TASK:
Your task is to copy the lines of the data below from the line holding "4、在彈出的設(shè)置窗" through the line holding "エレベーターマネージメントは", inclusive, exactly and with nothing added.

DATASET RECORDS:
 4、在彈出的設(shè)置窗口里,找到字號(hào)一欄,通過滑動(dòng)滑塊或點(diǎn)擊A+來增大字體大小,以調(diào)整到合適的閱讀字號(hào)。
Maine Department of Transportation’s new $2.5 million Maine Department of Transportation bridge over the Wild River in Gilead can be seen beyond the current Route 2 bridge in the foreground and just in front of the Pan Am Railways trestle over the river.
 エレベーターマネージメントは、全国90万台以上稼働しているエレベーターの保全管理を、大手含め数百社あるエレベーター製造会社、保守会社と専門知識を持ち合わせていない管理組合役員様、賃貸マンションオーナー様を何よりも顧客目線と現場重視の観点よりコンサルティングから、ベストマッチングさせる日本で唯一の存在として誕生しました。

...

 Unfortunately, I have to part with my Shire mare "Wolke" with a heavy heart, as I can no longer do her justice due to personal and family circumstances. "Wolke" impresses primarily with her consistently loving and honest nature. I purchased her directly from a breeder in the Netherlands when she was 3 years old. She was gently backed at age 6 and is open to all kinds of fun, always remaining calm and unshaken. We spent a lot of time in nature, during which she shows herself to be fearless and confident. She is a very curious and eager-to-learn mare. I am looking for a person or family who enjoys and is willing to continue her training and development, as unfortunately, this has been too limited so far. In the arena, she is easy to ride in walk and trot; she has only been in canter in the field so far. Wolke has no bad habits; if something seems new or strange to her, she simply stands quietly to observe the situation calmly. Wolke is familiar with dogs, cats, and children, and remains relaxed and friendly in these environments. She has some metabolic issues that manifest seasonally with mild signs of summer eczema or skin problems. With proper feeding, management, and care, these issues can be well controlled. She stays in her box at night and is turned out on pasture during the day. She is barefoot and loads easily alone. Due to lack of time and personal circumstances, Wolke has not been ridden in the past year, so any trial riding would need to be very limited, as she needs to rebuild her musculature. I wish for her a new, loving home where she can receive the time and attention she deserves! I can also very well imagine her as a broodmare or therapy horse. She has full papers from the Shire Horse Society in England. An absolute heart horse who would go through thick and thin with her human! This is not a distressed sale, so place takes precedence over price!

WRITTEN ANSWER:
 4、在彈出的設(shè)置窗口里,找到字號(hào)一欄,通過滑動(dòng)滑塊或點(diǎn)擊A+來增大字體大小,以調(diào)整到合適的閱讀字號(hào)。
Maine Department of Transportation’s new $2.5 million Maine Department of Transportation bridge over the Wild River in Gilead can be seen beyond the current Route 2 bridge in the foreground and just in front of the Pan Am Railways trestle over the river.
 エレベーターマネージメントは、全国90万台以上稼働しているエレベーターの保全管理を、大手含め数百社あるエレベーター製造会社、保守会社と専門知識を持ち合わせていない管理組合役員様、賃貸マンションオーナー様を何よりも顧客目線と現場重視の観点よりコンサルティングから、ベストマッチングさせる日本で唯一の存在として誕生しました。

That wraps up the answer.